An American survey has found that architecture is the most time-consuming university degree.

Conducted by Indiana University, the 2016 Study of Student Engagement (NSSE) revealed that students in the architecture faculty worked an average of 22.2 hours per week – 2.5 hours more than chemical engineering students, who came in second

The numbers, which were gathered across student surveys from the past year, represent the average amount of time spent preparing for class at college each week, including studying, reading, writing, and doing homework or lab/studio work.

While this particular study is American, it does add to mounting evidence being gathered around the world linking the behavioural trends of the profession to a heightened risk and prevalence of mental illness.

A report published by the US Centre for Disease Control and Prevention showed that architects and engineers are the fifth most likely group to commit suicide by occupation in the US.

Across the Atlantic in the UK, the profession faces a similar predicament. In 2016, The Architect’s Journal published its annual student survey which revealed that 26 per cent of the students surveyed said they were receiving or had received medical help for mental health problems resulting from their course.

Back home a ground-breaking report from the NSW Architects Registration Board released in 2016 gives an Australian voice to this theory. But in some ways Literature Review Architects and Mental Health goes further than the above surveys by linking these statistics with the behavioural trends traditionally associated with the job, like poor sleep patterns, poor diet, and high-stress environments.

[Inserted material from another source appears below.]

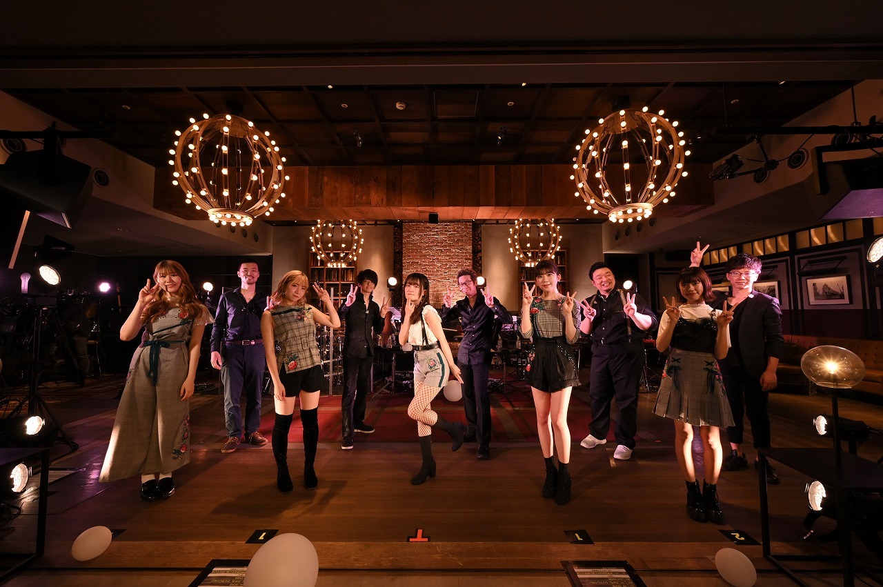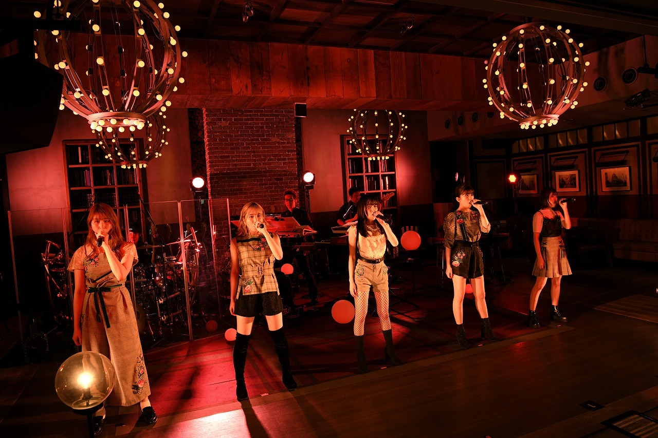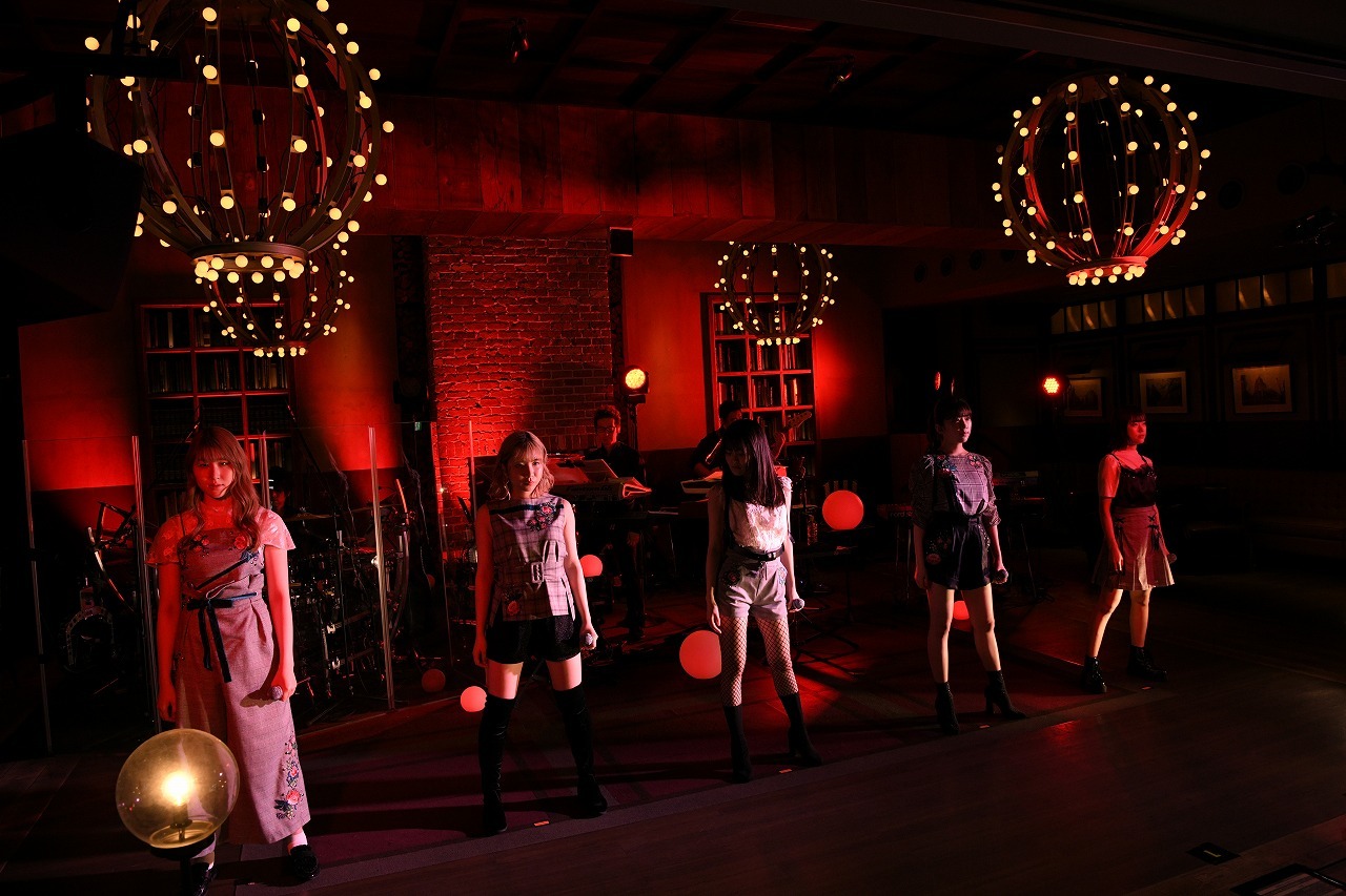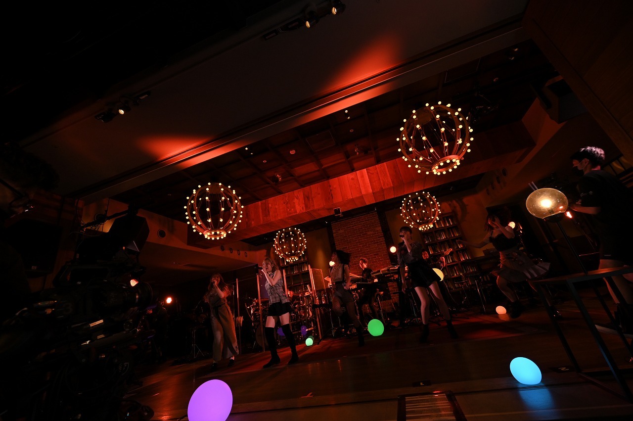 ツアーのリハーサル風景を中心に、モノクロームで仕上げたかっこいいタイトルトラックのオープニング。一転してシーンは現在へ、ドラマチックなピアノのタッチから始まる1曲目は、2月リリースの最新アルバム『BRIGHT NEW WORLD』から「In Your Calling」だ。メンバー5人とバックバンドが立つステージは、こぢんまりとしたプライベートスタジオのような空間で、壁の本棚やモノクロームの写真パネルなどが落ち着いた空気を醸し出す。芹奈、manaka、MAYU、アサヒ、かれんとマイクを繋ぐ、第一声から歌もハーモニーもばっちり決まってるが、ちょっと表情が硬いのはやはり初挑戦の緊張か。2曲目も最新アルバムからの「Classic」で、5人のスキャット風コーラスから始まるリズミックな曲を、バンドが熱いグルーヴでしっかりサポート。歌いながら芹奈が笑顔を見せ、アサヒが元気よくステップを踏む。調子が出てきたみたいだ。

It demonstrates how mental illness is at special risk for those architects working in isolation, like those practicing in rural and regional NSW, as well as students within the architecture faculties of Australian universities. It also notes that behavioural trends traditionally associated with the job, like poor sleep patterns, poor diet, and high-stress environments are now shown to be linked to long term mental illness.

But while the review doesn’t attempt to make conclusive statements about the state of the profession’s mental health and wellbeing as the above do, it does uncover a real lack of conclusive data that could inform such assessments and, subsequently, the establishment of appropriate support systems for the industry going forward.

The next steps, says Timothy Horton, Registrar of the NSW Architects Registration Board, will be to set up a series of targeted focus groups and surveys of both undergraduate and registered architects, so that a clearer picture of the profession’s baseline wellbeing can be realised.